The publication rules for the EEG account are contained in the Equalisation Scheme Ordinance (AusglMechV). More specifically, Sec. 4 para. 2 AusglMechV lists the expenses that have to be published. Line item 1 for expenses mainly covered feed-in tariff payments, line item 1a premium payments. In the context of the EEG 2014 reform (which came into force on 1 August 2014), the respective provisions of the AusglMechV were amended to reflect changes brought about by the EEG 2014 reform. In this context, line item 1a in the publication obligation fell away.  This explains why the August 2014 publication of expenses no longer contains line item 1a that previously covered premium payments.

However, as part of this amendment of the AusglMechV, the content of what is to be listed under line item 1 was also changed. The new wording for line item 1 now refers to “financial support pursuant to Sec. 19, 52, 57 para. 1, and Sec. 100 to 102 EEG 2014”. Out of this list, Sec. 19 EEG 2014 appears most relevant, as the new Sec. 19 EEG 2014 covers both market premium payments as well as feed-in tariff payments.

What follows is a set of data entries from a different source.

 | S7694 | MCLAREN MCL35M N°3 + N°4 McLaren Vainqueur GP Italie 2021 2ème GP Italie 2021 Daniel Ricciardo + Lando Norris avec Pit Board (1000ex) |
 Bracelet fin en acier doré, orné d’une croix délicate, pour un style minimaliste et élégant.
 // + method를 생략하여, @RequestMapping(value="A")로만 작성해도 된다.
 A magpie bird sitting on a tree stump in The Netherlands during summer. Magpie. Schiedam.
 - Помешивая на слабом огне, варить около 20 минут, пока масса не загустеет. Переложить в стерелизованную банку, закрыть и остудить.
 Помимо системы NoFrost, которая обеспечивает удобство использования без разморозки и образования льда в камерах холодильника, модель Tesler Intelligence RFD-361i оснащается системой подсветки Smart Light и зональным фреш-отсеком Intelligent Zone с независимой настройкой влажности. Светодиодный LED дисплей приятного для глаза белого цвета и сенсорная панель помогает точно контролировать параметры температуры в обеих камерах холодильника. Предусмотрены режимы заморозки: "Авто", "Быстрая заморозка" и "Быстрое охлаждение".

As a result, it would appear that the new line item 1 in the expenses as of 1 August 2014 list shall cover both feed-in tariff payments as well as market premium payments. Looking at the development of costs in this area for July and August, we note that in July EUR 1,699,684,945.66 for feed-in tariffs plus EUR 737,220,073.39 for premiums add up to EUR 2,436,905,019.05. For August, we only have 1,429,705,041.16, and it looks like this figure may not include premium payments.

b) Explanation

The reduction of EUR 1,007,199,977.89 between August and September cannot be explained by less sun or wind generation in August.

One of the reasons for the EEG 2014 amendment was indeed a reduction of costs. But EUR 1 billion in the first month does sound like an awful lot.

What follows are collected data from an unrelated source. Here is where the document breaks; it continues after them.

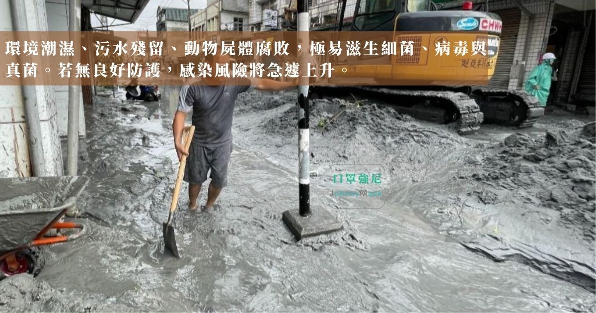洪水退後的環境潮濕、污水殘留、動物屍體腐敗,極易滋生細菌、病毒與真菌。志工若無良好防護,或有開放性傷口,感染風險將急遽上升。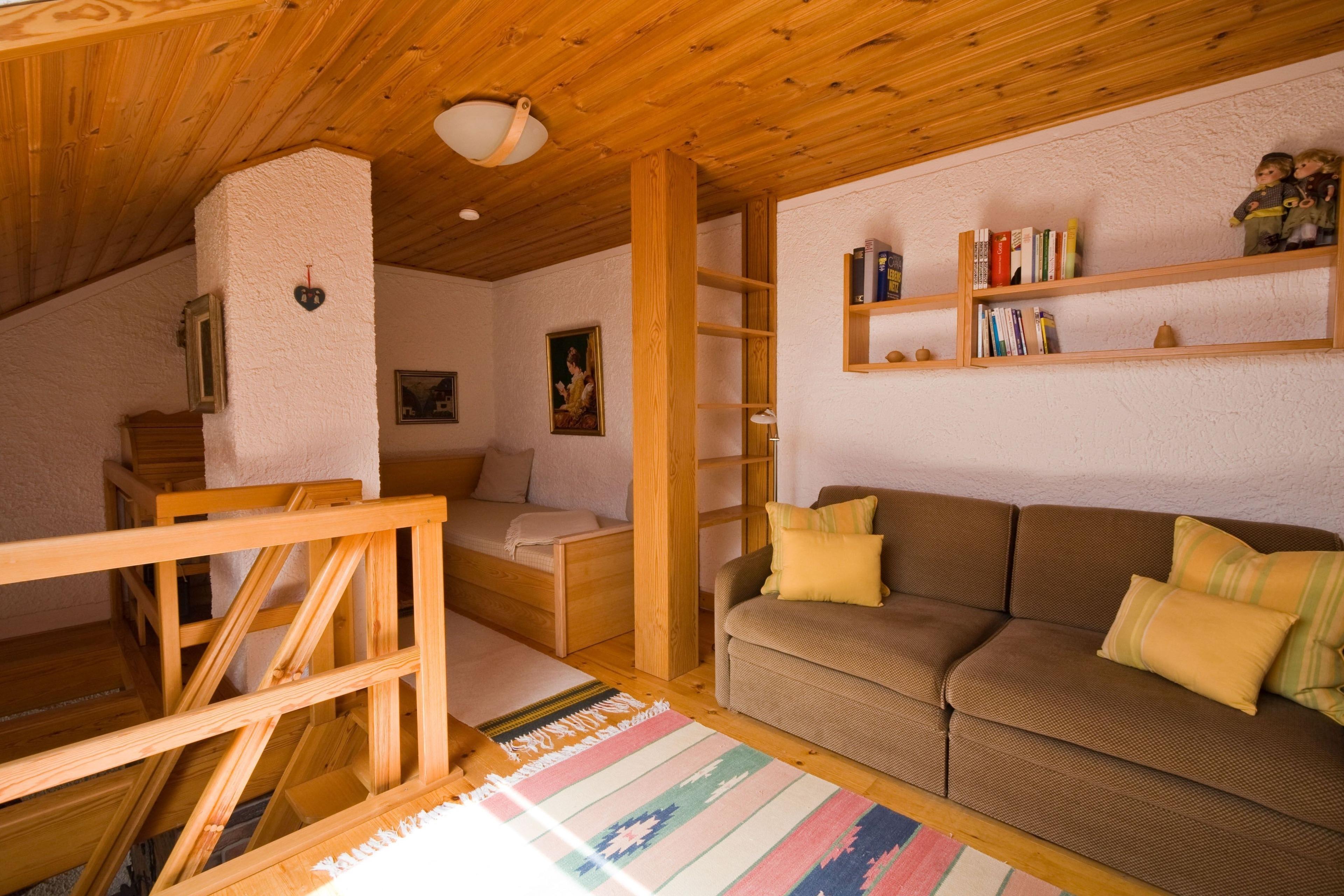 2. Ebene: Vom Wohnzimmer über eine Raumspartreppe erreichbare offene Galerie und ein Kinderschlafzimmer mit zwei Einzelbetten.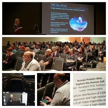 2016-12-05 Yesterday our new Cell Atlas was released, at the American Society of Cell Biology Meeting. The Cell Atlas is an open-access interactive database with unparalleled high-resolution images. It visualizes for the first time the location of over 12,000 proteins in cells – opening the way to spatial proteomics, an exciting new discipline predicted to lead to a fundamental increase in our understanding of human health and disease. Prof Mathias Uhlen, Director of the Human Protein Atlas explains: – After the genome projects that has characterized the number of human protein-coding genes, the next step is to elucidate the function of these proteins. Being able to show the location of the human proteins in time and space with a subcellular resolution is an essential first step towards novel insights into protein function. With more than 12,000 human proteins mapped to 30 different cellular structures, the Cell Atlas provides spatial information on protein expression patterns on a fine subcellular level. The analysis reveals a surprisingly complex cellular architecture with over half of all proteins localized to multiple compartments and a significant portion exhibits variation in expression at a single cell level. Dr. Emma Lundberg is Director of the Cell Atlas: –In particular, we expect the Cell Atlas to play a key role in the exciting new area of spatial proteomics. In order to expand our understanding of the workings of human cells from a holistic point of view, in particular in the context of health and disease, detailed knowledge about the underlying molecular system is needed. The whole team is present in San Francisco, and the Cell Atlas was released at a well-attended Tech Talk yesterday. The whole day, many interested people came to our booth in the exhibition hall, wanting to learn more about the Atlas, and already on Saturday we held a much appreciated workshop on how to use the Human Protein Atlas. In addition, several members have posters and/or oral presentations presenting different parts of the Cell Atlas, Explore the human cell! Frida Henningson Johnson |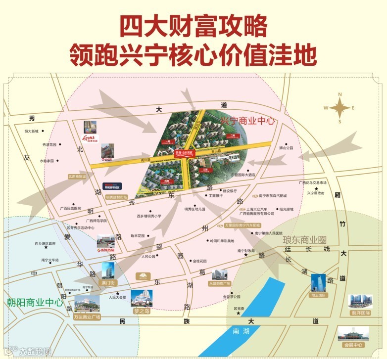 项目紧邻明秀东路、邕武路、秀田路、泸田路,网罗兴宁醇熟生活核心区域,出门就有30多路公交车可搭乘,提供更多出行方案,满足娱乐、工作、学习等需求。只需10分钟,即可通抵朝阳商圈、西乡塘大学区;15分钟直通琅东CBD、东盟商务区,20分钟可达琅东客运站,周边公交线路30余条,中央枢纽通达全城,醇熟生活配套左右相拥。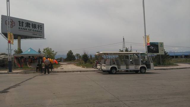 工业园区路口有专门的电瓶车,可免费将游客送至方舟(这里介绍下,去往方舟可以有三种方式:1.自驾,开车从市区出发,国道227线,行至民乐生态工业园区内;2.背包客,市内有定点大巴,可直接搭乘至方舟,具体时间后面介绍;3.从市内搭乘去往民乐县的班车,在工业园区路口下车,换乘上图电瓶车,前往方舟)。

Consequently, the August figures look surprising. is now quoting TenneT that the August surplus is due to a one-time effect, related to changing payment flows because of the EEG 2014 revision. In that case, the August surplus would simply be due to delayed cost payments, and not due to dramatically reduced EEG costs.

That would make sense. But would unfortunately also mean that we do not know what costs are attributable to August, and that we cannot meaningfully compare August 2013 with August 2014 figures.

Commercially, this explanation for the low August 2014 expenses would very much limit room for a real EEG surcharge reduction. Just to recall again: This year’s EEG surcharge of 6.24 ct/kWh is composed of 5.146 ct/kWh of core EEG surcharge (used for the actual transfer payments), 0.512 ct/kWh to build the 10% liquidity reserve (Section 3(7) AusglMechV) and 0.581 ct/kWh of deficit cover based on the (debt) status of the EEG account as of 30 September 2013 (as the EEG surcharge in previous years did not cover the EEG spending). Therefore, if the estimated EEG transfer payments for 2015 would remain stable, the EEG surcharge payment would – for purely technical reasons of calculating the EEG surcharge – have to be reduced from 6.24 ct/kWh to 5.146 ct/kWh (assuming no further back payments and no increase in liquidity reserve), as this is the amount of the core EEG surcharge that actually covers the EEG transfer payments. If the EEG surcharge for 2015 – just to give a number – would come out at 6 ct/kWh, this would look like a reduction at first sight, but in reality would indicate an increase in the underlying core EEG surcharge of over 15%.